Early on, Carey saw her first five singles soar to No. 1 and the ex-waitress and hat-check girl was transformed into a diva talked about in the same breath as Whitney Houston, Barbra Streisand and Anita Baker. Her Daydream album two years ago sold more than 7 million copies.

But it wasn't always this way. Daughter of an Irish mother who sang with the New York City Opera and a black Venezuelan father she hardly knew, Carey moved 13 times with her divorced mom before she even reached her teens.

“I went through more before the age of 12 than a lot of people go through in a lifetime,” Carey said. “I had a crazy upbringing. A lot of my mother's friends would say that if I actually made it, it would be a miracle.”

Carey started singing professionally as a backup singer for late-'80s club chanteuse Brenda K. Starr. She won the Best New Artist Grammy Award in 1990 and has seen almost 20 songs make the Top 40.

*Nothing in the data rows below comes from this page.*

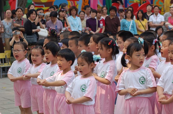 5月30日上午幼儿园迎来了孩子们盼望已久的“六一”庆祝大会。今日的晨曦分外迷人,灿烂的阳光穿过树叶间的空隙,透过早雾,一缕缕地洒满了幼儿园。孩子们在家长的陪伴下,快活地像一只只小鸟又唱又跳,飞进幼儿园这个充满欢乐的绿色乐园。鲜艳的彩旗、漂亮的气球和孩子们的美术、科技作品,把幼儿园装点得更加富有生气。
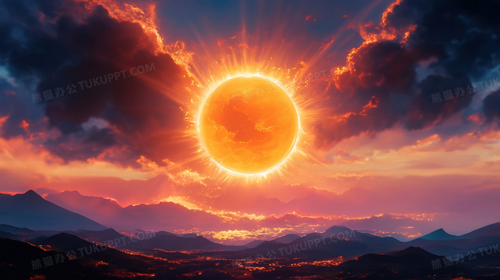 本作品内容为日食天空山水景色插画, 格式为 jpg, 大小2 MB, 图片尺寸为2912 x 1632, 源文件无水印, 欢迎使用熊猫办公。 如认为平台内容涉嫌侵权,可通过邮件:tousu@tukuppt.com提出书面通知,我们将及时处理。
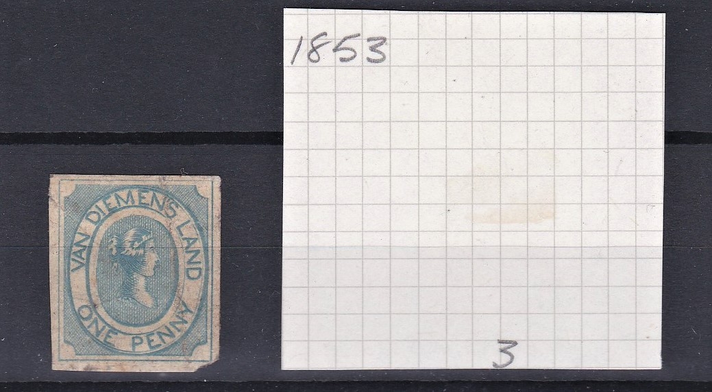 Australia (Tasmania) 1853 1d Pale Blue, SG3, light used, four margins, corner clip lower right clear of design, light crease. SG Cat £1,300
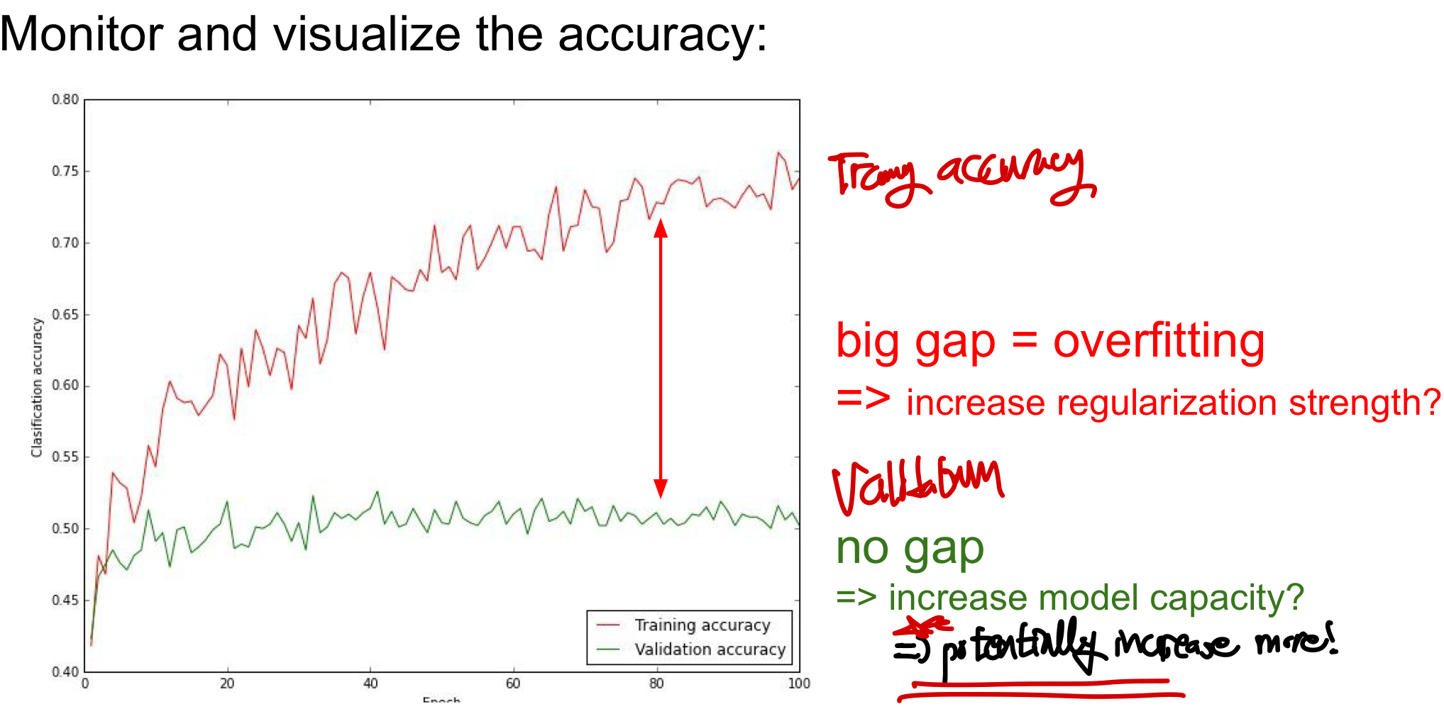 - test에 대한 결과에서 gap이 너무 클경우 과적합(overfitting)으로 인한 결과이고 gap이 없다면 더 accuracy가 증가할 가능성이 높기 때문에 model의 capacity를 늘려야한다.
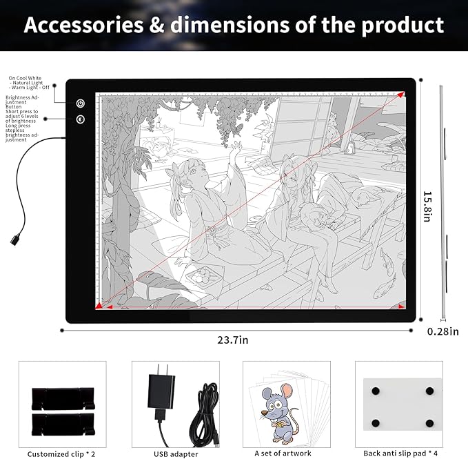 - 【THE OVERSIZED A2 LIGHTBOX】with dimensions of 23.7''x15.8''. The illuminated area measures 20.8''x14.0''. Its thickness is only 7mm, which is less than 0.3 inches. YINGWOND light board provides a sufficiently large working area for various creative activities such as diamond painting, vinyl weeding, stenciling, 2D animation, and calligraphy.

Critics are not kind; the Rolling Stone Album Guide dismisses Carey's music as “billion-dollar Naugahyde,” “ersatz soul music” and “skill and passion slaving over piffle.”

In many ways, Carey, who co-wrote everything on the new album but the remake of Prince's “The Beautiful Ones,” is a typical product of New York's ubiquitous R&B club scene.

“Rap has been around for a long, long time,” Carey said. “People don't realize it because it's just becoming mainstream. I've been hearing it since the '70s. People perceive me as a mass-appeal artist and if they don't listen to R&B radio, they don't hear my hip-hop remixes and don't understand that this has been a part of what I've been doing for a long time.”

In fact, Butterfly may be Carey's most subtle effort. She's not only toned down the theatrics, but her voice has taken on a whispery, softer quality.

“I'm proud of the writing on this album because a lot of it is telling a story,” she said. “Because I've been more driven by the melody in the past, I would let the lyrics be almost secondary. This time I really think they're equal.”